DOI: https://doi.org/10.15420/aer.2025.36

Disclosure: KN has received fees for services from Biosense Webster, Boston Scientific, Field Medical and Lifetech Scientific, participates on an advisory board for Boston Scientific and has stock in Field Medical. AF has received fees for services from Boston Scientific. NR has received fees for services from Boston Scientific. SH has no conflicts of interest to declare.

Correspondence: Kars Neven, Department of Electrophysiology, Alfried Krupp Krankenhaus, Alfried-Krupp-Str 21, 45131 Essen, Germany. E: kars_neven@hotmail.com

Copyright:

© The Author(s). This work is open access and is licensed under CC-BY-NC 4.0. Users may copy, redistribute and make derivative works for non-commercial purposes, provided the original work is cited correctly.
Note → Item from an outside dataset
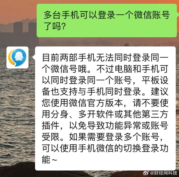 据财经网报道,微信客服就此事作了回应:目前两部手机无法同时登录同一个微信号。不过电脑和手机可以同时登录同一个账号,平板设备也支持与手机同时登录。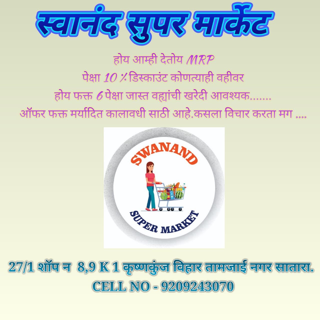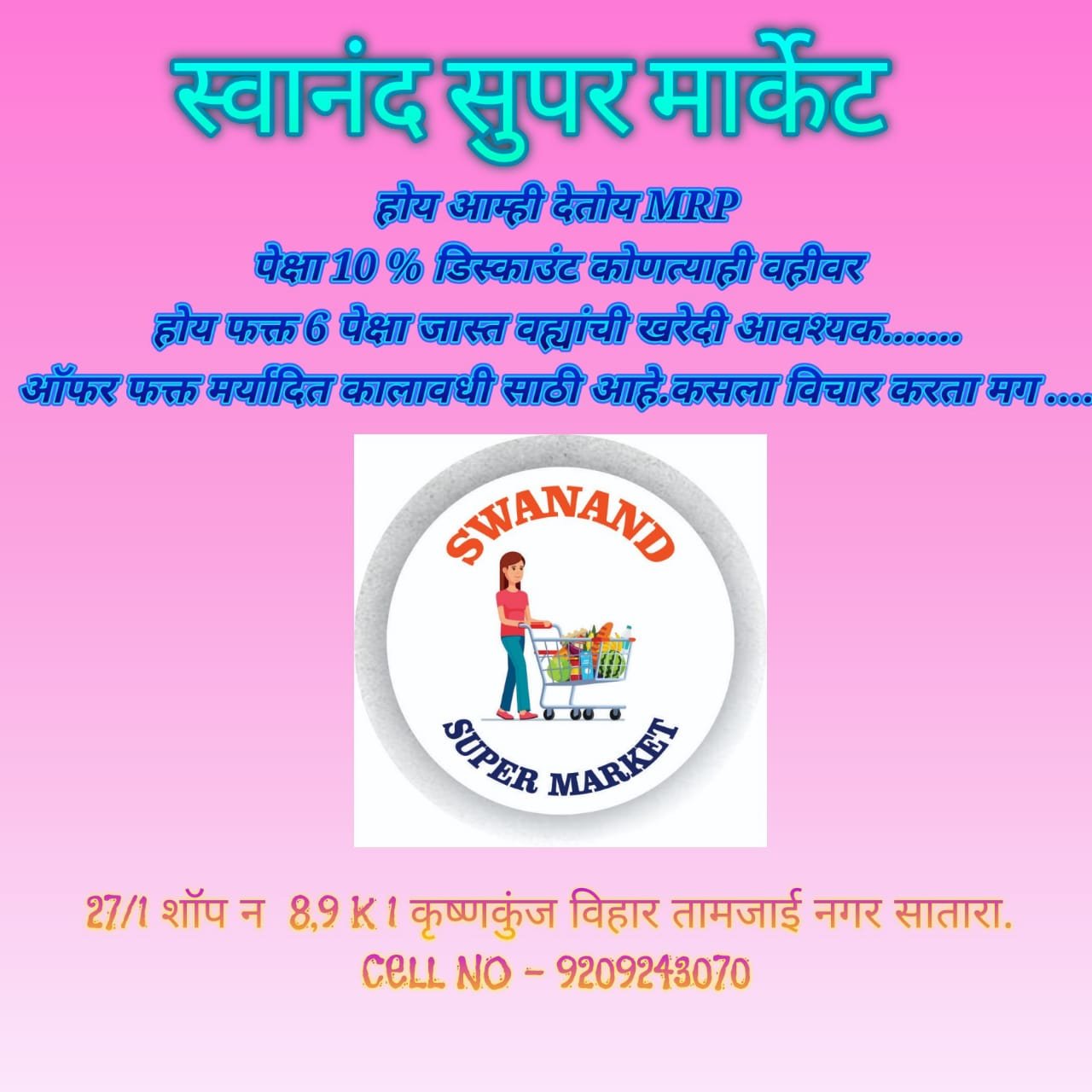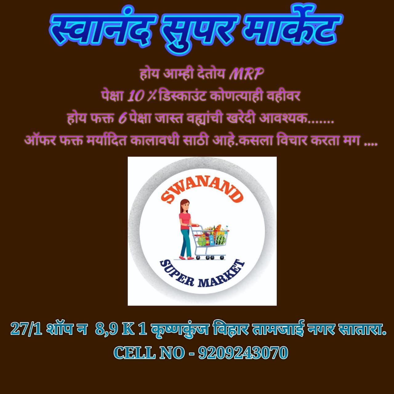 भरपूर व्हरायटी मुबलक प्रमाणात उपलब्ध फॅमिली सह संपूर्ण किराणा खरेदीसाठी एकमेव दालन आपल्या आवडीचे स्वानंद सुपर मार्केट तामजाईनगर,सातारा.

Catheter ablation has become a cornerstone of rhythm control in AF management. Traditional thermal methods, including radiofrequency (RF) and cryoablation, are limited by collateral tissue injury, lesion variability and thromboembolic risk. Pulsed field ablation (PFA) circumvents many thermal limitations through electroporation, preferentially affecting myocardial tissue while sparing adjacent structures such as the oesophagus and phrenic nerve.1,2 However, unlike thermal ablation, in which lesion maturation follows predictable fibrotic pathways, the biological and structural evolution of PFA lesions and their long-term durability require detailed characterisation to fully validate the technique.
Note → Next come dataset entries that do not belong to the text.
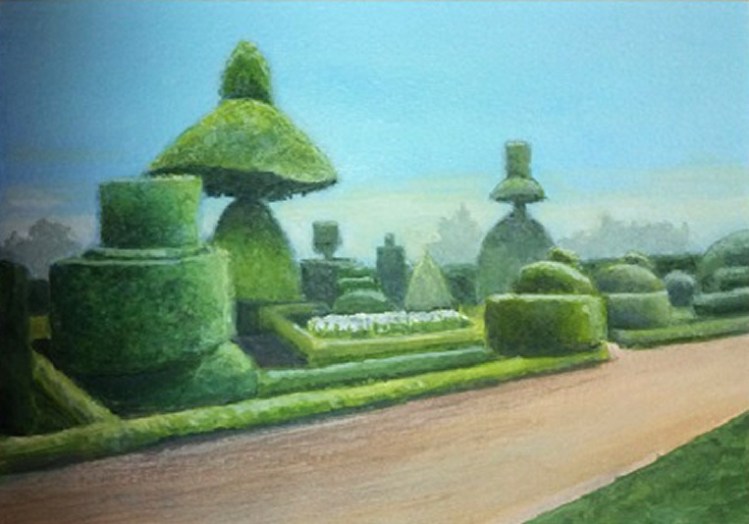 | Feedback from members: Barbara Stevens: I think it needs something, but not sure what. Maybe some crows?! Maybe a person with the shape of their clothes echoing that of the topiary? Dave Tribe: I love it – but maybe a couple of Corona Viri rolling up the path would satisfy Barbara! Gina Grimwood: I too like this painting but agree that the path is a bit long & empty. Maybe if the light was coming from the left the topiaries would have cast some interesting shadows on the path? |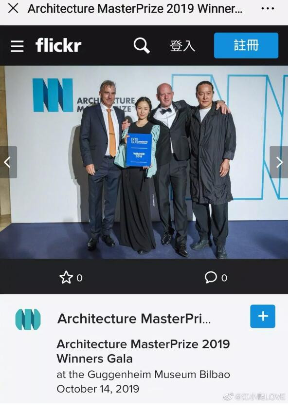 知乎上作者為遊旭東的文章這樣扒出事情的蛛絲馬跡。照片裏的獎項是Architecture MasterPrize (AMP),翻譯過來也就是建築大師獎,是一個叫Hossein Farmani 的伊朗人在美國創立的,實際上和美國也沒啥關係。今年的大獎得主是來自中國的gad· line+ studio。讓大家不解的是,參加2019年的頒獎儀式,但江一燕手裏拿的卻是2018年的獎。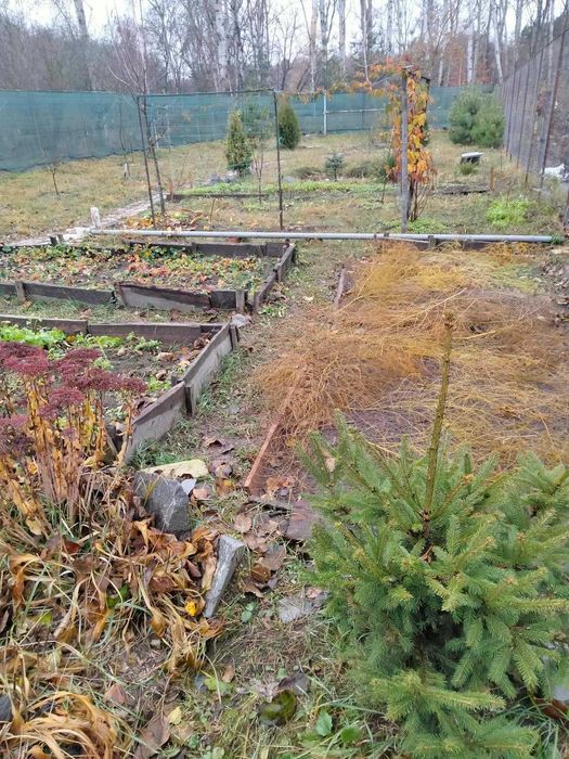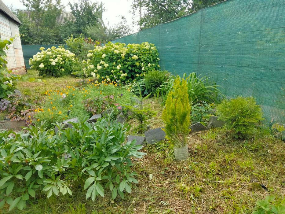 Благоустрій дачі під відпочинок, декоративна зона та декілька земельних грядок, молоді фруктові дерева.

Fundamental Principles of Pulsed Field Ablation Lesion Formation

PFA leverages the biophysical principle of electroporation, wherein high-intensity, short-duration electric fields disrupt cellular membrane integrity by creating nanopores. When the applied electric field exceeds a critical threshold, irreversible electroporation (IRE) occurs, leading to loss of cellular homeostasis and subsequent cell death.3,4 Importantly, the threshold for IRE varies among tissue types, enabling selective myocardial ablation. The lesion architecture resulting from PFA is sharply demarcated, often with minimal collateral damage to non-cardiac structures.5 Durability of these lesions fundamentally depends on the achievement of a uniform and complete transition to IRE across the target tissue.
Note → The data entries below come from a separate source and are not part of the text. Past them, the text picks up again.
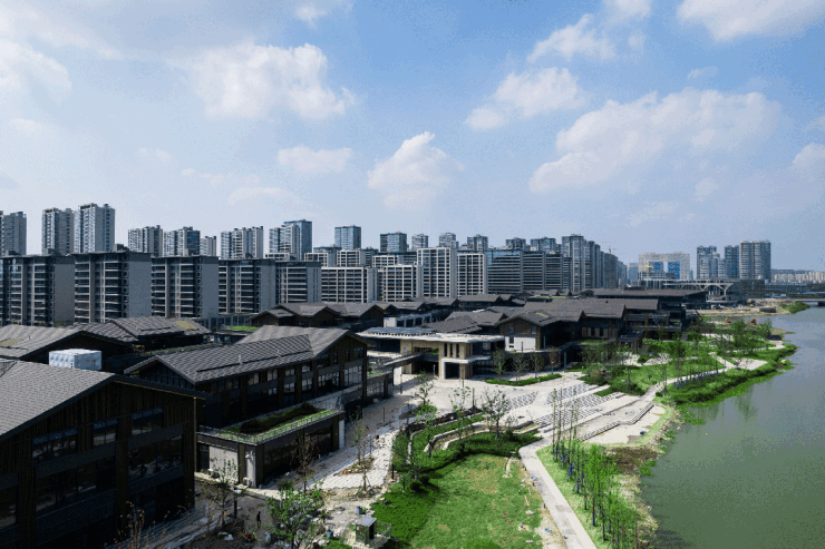慈溪作为越窑青瓷发源地之一、海上陶瓷之路的重要起点,拥有着绵长的瓷文化,以及江南水乡的温婉柔情。延承这一在地文化,深入到新河坊·云泰Park的呈现,错落有致的建筑形态下,兼容着多元特色空间。以交融在此的潮流文化、水文化为灵感,项目筑就了三大景观区块——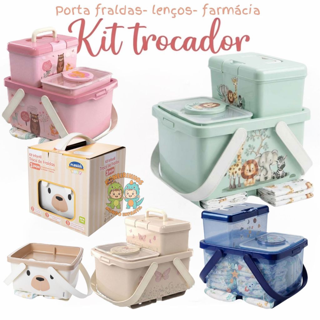 Comprar na ShopeeKit Trocador Caixa Organizadora Fraldas + Caixa Farmácia e Porta Lenço Umedecido Bebê Alça Plasútil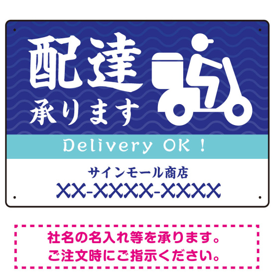 波模様 配達承ります オリジナルプレート看板 W450×H300 エコユニボード (SP-SMD359-45x30U)

Several key factors influence lesion formation: field strength (typically 500–2,000 V/cm), pulse duration (typically microseconds), pulse number, electrode configuration and tissue conductivity. Tissue anisotropy, heterogeneity in fibre orientation, and impedance variability influence local electric field distributions, potentially causing uneven lesion formation if not adequately accounted for during catheter design and energy dosing.6–8

Recent publications have highlighted the importance of catheter–tissue contact, pulse sequencing and waveform optimisation to achieve durable pulmonary vein isolation (PVI) while minimising the risk of collateral damage.9–11

Role of Reversible Electroporation in the Durability of Pulsed Field Ablation Lesions

A critical consideration in lesion durability is the phenomenon of reversible electroporation. At subthreshold field strengths or insufficient pulse dosing, cells may undergo transient membrane permeabilisation without progressing to irreversible damage. These ‘stunned’ myocardial cells may initially appear electrically silent, contributing to acute procedural success, but later recover function, leading to lesion reconnection and arrhythmia recurrence.12,13

Reversible electroporation underscores the necessity for optimised energy dosing to ensure that the entire target tissue exceeds the threshold for irreversible cell damage. Pulse parameters such as waveform type (biphasic versus monophasic), pulse repetition frequency and cardiac cycle timing play pivotal roles in minimising the risk of reversible effects.14,15

Experimental studies have demonstrated that higher field strengths and appropriate pulse train designs significantly reduce the occurrence of reversible electroporation, thereby enhancing chronic lesion durability.16,17 Koruth et al. reported that reversible electroporation can be advantageous for reversible tissue effects such as arrhythmia mapping but is undesirable in ablation intended to create permanent myocardial lesions.12

Furthermore, emerging evidence suggests that intrinsic tissue properties, such as fibrosis and anisotropy, may influence the susceptibility to reversible versus IRE. Fibrotic atrial substrates, commonly encountered in persistent AF, may necessitate tailored energy delivery protocols to ensure complete ablation.18,19

Unfortunately, at present no method to predict (the extent of) reversible electroporation exists.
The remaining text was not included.